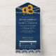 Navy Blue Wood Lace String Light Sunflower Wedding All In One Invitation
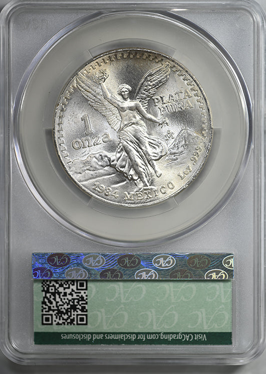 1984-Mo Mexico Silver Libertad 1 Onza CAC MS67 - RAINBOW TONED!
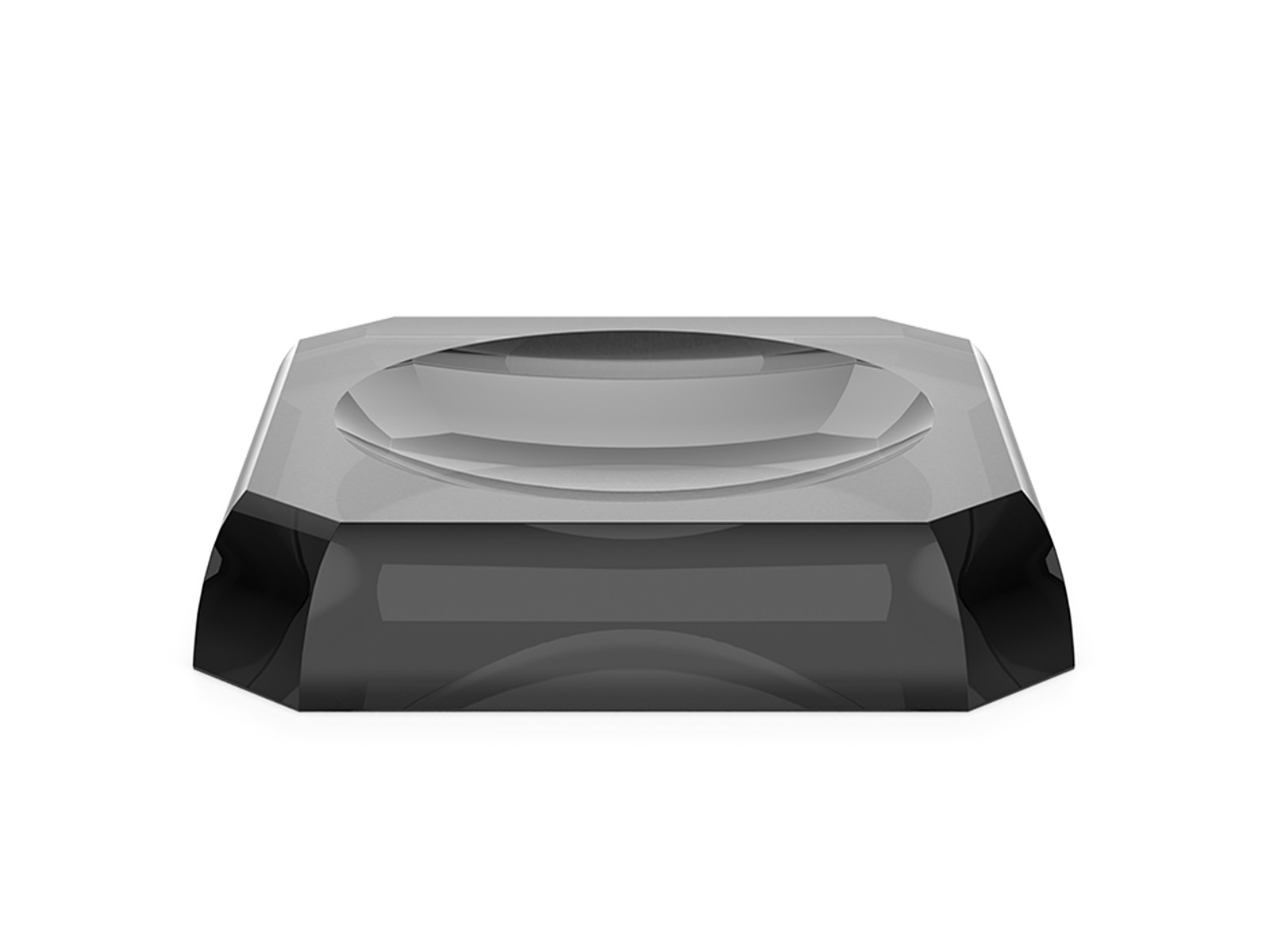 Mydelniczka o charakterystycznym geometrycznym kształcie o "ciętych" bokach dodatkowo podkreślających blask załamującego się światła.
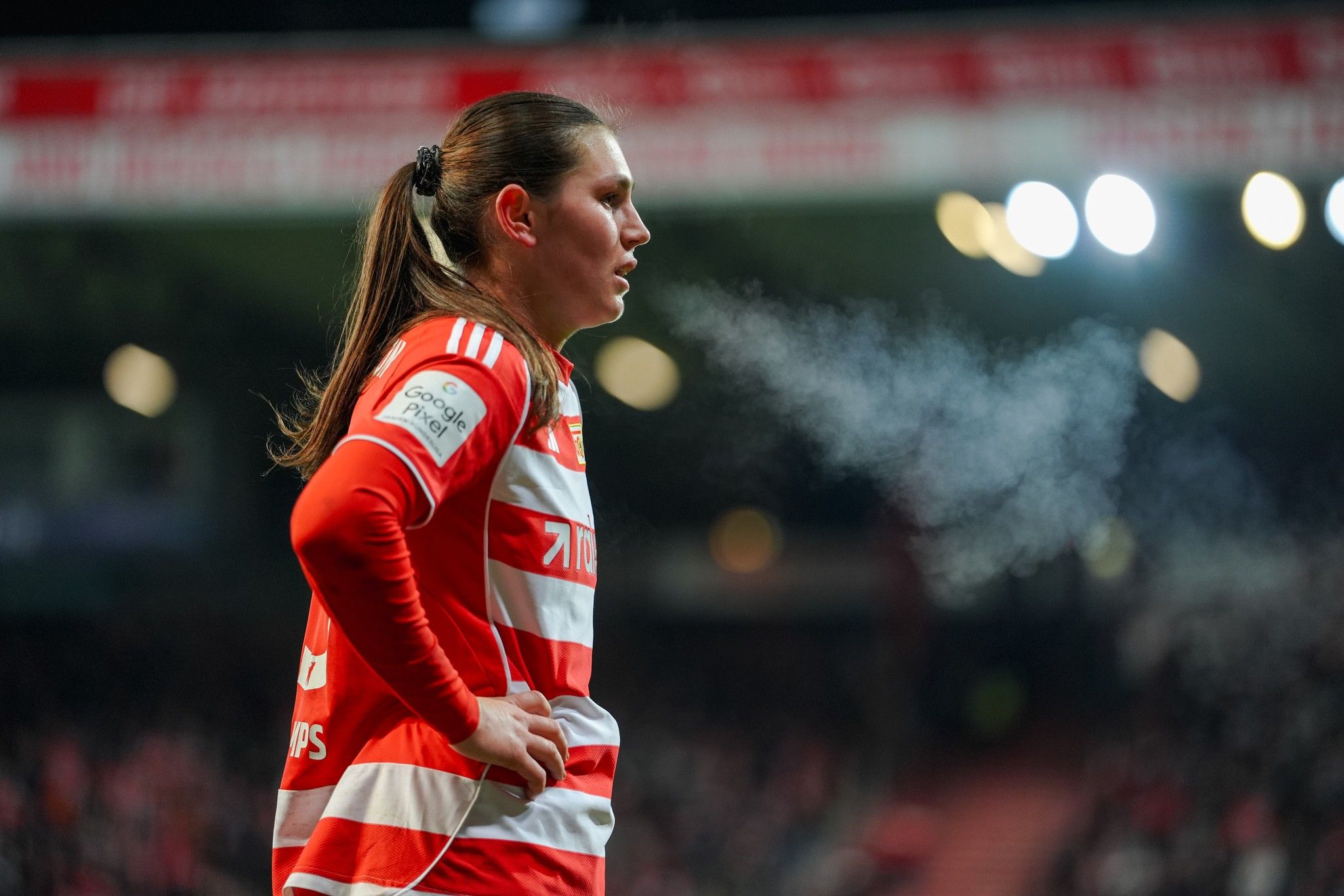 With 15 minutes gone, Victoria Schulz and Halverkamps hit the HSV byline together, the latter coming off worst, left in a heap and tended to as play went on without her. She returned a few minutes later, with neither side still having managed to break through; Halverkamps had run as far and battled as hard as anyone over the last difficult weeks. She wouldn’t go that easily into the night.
====
**Work to complete**
Say again, word for word, every line from the one with "Mydelniczka o charakterystycznym" through the last line of the data above, minus the pictures.

**Exercise solution**
 Mydelniczka o charakterystycznym geometrycznym kształcie o "ciętych" bokach dodatkowo podkreślających blask załamującego się światła.
 With 15 minutes gone, Victoria Schulz and Halverkamps hit the HSV byline together, the latter coming off worst, left in a heap and tended to as play went on without her. She returned a few minutes later, with neither side still having managed to break through; Halverkamps had run as far and battled as hard as anyone over the last difficult weeks. She wouldn’t go that easily into the night.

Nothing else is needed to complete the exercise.